Pour Ahmed Karam, le Livre Blanc constitue la clé de voûte pour résoudre le problème persistant de l’endettement hôtelier, notamment dans un contexte économique difficile, caractérisé par la morosité affligeante du marché touristique. Interview
Selon le dernier rapport de la BCT, l’encours des crédits accordés aux hôtels a baissé entre 2017 et 2019. Il est passé de 4,6 à 4,4 millions de dinars. S’agit-il d’une baisse significative de l’endettement hôtelier ?
Je ne pense pas que la dette des hôtels ait changé de tension et de dimension. Certes, l’année 2019 a été une année de reprise pour le secteur. Malheureusement, l’épidémie sanitaire du coronavirus est survenue juste après pour arrêter presque toute activité touristique. Et le peu de recettes que les hôteliers ont réussi à mobiliser a servi principalement à faire face aux dépenses d’exploitation courante ainsi qu’aux échéances fiscales et sociales. Donc, la problématique de la dette demeure encore cruciale et actuelle. Elle devrait continuer à faire l’objet de réflexions profondes mais, surtout, d’actions rapides parce qu’elle risque de s’exacerber davantage avec la diminution vertigineuse des recettes touristiques en conséquence du Covid-19.
Il faut dire que le gouvernement tunisien et la Banque centrale de Tunisie ont prévu des mesures de nature à soutenir, conjoncturellement, les différents hôteliers, dont notamment le report des échéances en principal et intérêts, l’octroi de crédits bancaires aux entreprises hôtelières et touristiques sous forme d’un soutien financier avec refinancement des crédits à la Banque centrale de Tunisie, la mise en place d’une garantie de la Sotugar couvrant un grand pourcentage des crédits de soutien et la bonification d’intérêt à concurrence d’un taux de 2% pris en charge par l’Etat tunisien. Ces mesures, bien qu’intéressantes, demeurent conjoncturelles et le secteur a toujours besoin d’une restructuration profonde de sa dette.

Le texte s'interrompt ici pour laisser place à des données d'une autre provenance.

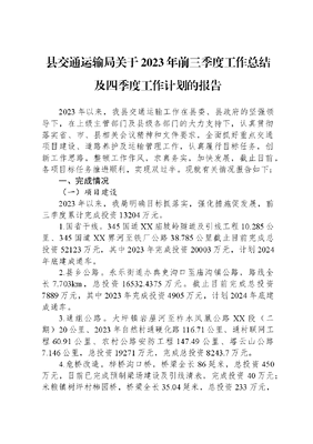 县交通运输局关于2023年前三季度工作总结及四季度工作计划的报告2023年以来,我县交通运输工作在县委、县政府的坚强领导下,在上级主管部门及县级各部门的大力支持下,认真贯彻落实省、市、县相关会议精神和文件要求,全面抓好重点交通项目建设、道路养护及运输管理工作,认真履行目标任务,创新工作思路,整顿工作作风,求真务实,加快发展,截止目前,各项目标任务推进顺利,实现双过半。现就有关情况报告如下:一、完成情况(一)项目建设2023年以来,我局明确目标抓落实,强化措施促发展,前三季度累计完成投资13204万元。1.国省干线。345国道XX庙坡岭隧道及引线工程10.285公里、345国道XX界河至铁厂公路38.785公里截止目前完成总投资52123万元,其中2023年完成投资20003万元,计划2024年底建成通车。2.县乡公路。永乐街道办典史沟口至庙沟镇公路,路线全长7.703km,总投资16532.4375万元。截止目前完成总投资7889万元,其中2023年完成投资4905万元,计划2024年底建成通车。3.通组公路。大坪镇岩屋河至柞水凤凰公路XX段(二期)20公里、2023年自然村通硬化路116.71公里、通村联网工程60.91公里、农村公路安防工程147.49公里、塔云山公路7.146公里,总投资19271万元,完成总投资8243.7万元。4.危桥改造。梓桥沟口桥,桥梁全长86延米,总投资450万元,目前已完成预制梁场建设及引线清表,完成投资40万元;米粮镇树坪村柿园桥,桥梁全长35.04延米,总投资233万元,目前已完成拌合站建设,完成投资22万元。(二)道路养护及运输管理1.不断提升养护管理水平。一是公路技术状况指数全部达标且始终保持100%列养。截止到9月底,县、乡、村公路技术状况指数分别为76.5、75.1、62。二是召开了我县农村公路养管工作会,部署了2023年度目标任务,与各农村公路养护道班签订目标责任书,以实际行动和具体措施积极落实各项工作任务。2.努力巩固养护管理成果。一是组织道工对全县农村公路县乡道进行全面养护,对桥涵、水沟、路基进行全面检查,确保平稳渡汛和道路通行质量。二是全面开展路面病害处置、公路附属设施维护、桥梁集中检查养护、疏通边沟桥涵、路面清扫保洁等工作,重点完成了G345XX至云镇路面修复3863㎡;沙沟河道班修缮提升1处;S314冷安公路水毁修复5处,路面修复28处8320㎡,绿化美化20处;S314磨木公路0K-15K路面修复、绿化美化、划线设标品质提升15公里。三是按照县委、县政府部署安排,对我县重大活动和高中考期间实施了道路保畅工作,确保了通行安全。3.扎实推进示范创建工作。一是按照四好农村路省级示范县创建工作要求,进一步细化完善迎验方案,通过文件形式,将四好农村路示范创建工作纳入镇办、部门年度考核;二是四好农村路省级示范县创建工作,已于6月13日由陕西省交通运输厅组织验收,并在9月28日,陕西省交通运输厅公示了*县通过2023年度四好农村路省级示范县评选。4.运输管理水平显著增强。扎实开展打击非法营运、整治交通运输行业乱象、道路运输超限、抛撒、扬尘污染、侵犯路产陆权等专项整治行动。截止目前,共检查运输车辆1000余辆处理违章车辆40余辆,共计处罚金额9万余元,有力保障了全县道路交通良好秩序。二、工作亮点一是科学谋划,强化统筹。我局将交通运输事业发展与经济社会发展大局统筹考虑,按照公路建设与综合交通规划相结合、与城乡协调发展相结合、与巩固脱贫攻坚成果助推乡村振兴相结合的三结合原则,明确总体要求、目标任务和工作重点。立足于本职工作,科学摆布,认真谋划,合理安排,迅速展开,制定全年工作时间表,做到了心中想全年,突出抓首季,致力保开局,形成了推进当前工作的强大合力。二是高度重视,强化保障。县政府成立主要领导任组长、分管领导任副组长,相关部门负责人为成员的公路项目建设指挥部,并分别成立县镇两级公路建设管理机构,做到机构、人员、职责、经费四落实。项目相关手续办理,实行发改、自然资源、林业、水利、环境等多部门并联办公,快速推进;建设采取互联互动,协力推进的办法,定期包抓领导带队组织相关部门和镇村深入项目施工现场,及时协调解决建设过程中的各种矛盾和问题,为项目顺利推进提供环境保障。三是创新机制,强化管理。坚持五个到位,即程序规范到位、管理监督到位、技术标准到位、质量检测到位和培训服务到位。统一制定项目招投标文件范本和公路建设、质量、进度、变更、计量、支付等管理办法,实行政府监管、业主负责、监理监控、社会监督、企业保证五级质量保证体系,严格按照项目批复、图纸设计和技术标准组织施工。通过县农村公路质量监督站加强公路质量监督,多途径、多形式、多层次开展对一线人员的技术支持和培训

Approuvé en 2018, le Livre Blanc était la solution qui a fait l’unanimité de toutes les parties prenantes pour résoudre ce problème persistant. Pourtant, mis à part une seule unité hôtelière, les entreprises n’ont pas mis en œuvre les Business Plan élaborés dans le cadre de ce projet. Selon vous, à quoi est dû, l’échec du Livre Blanc ?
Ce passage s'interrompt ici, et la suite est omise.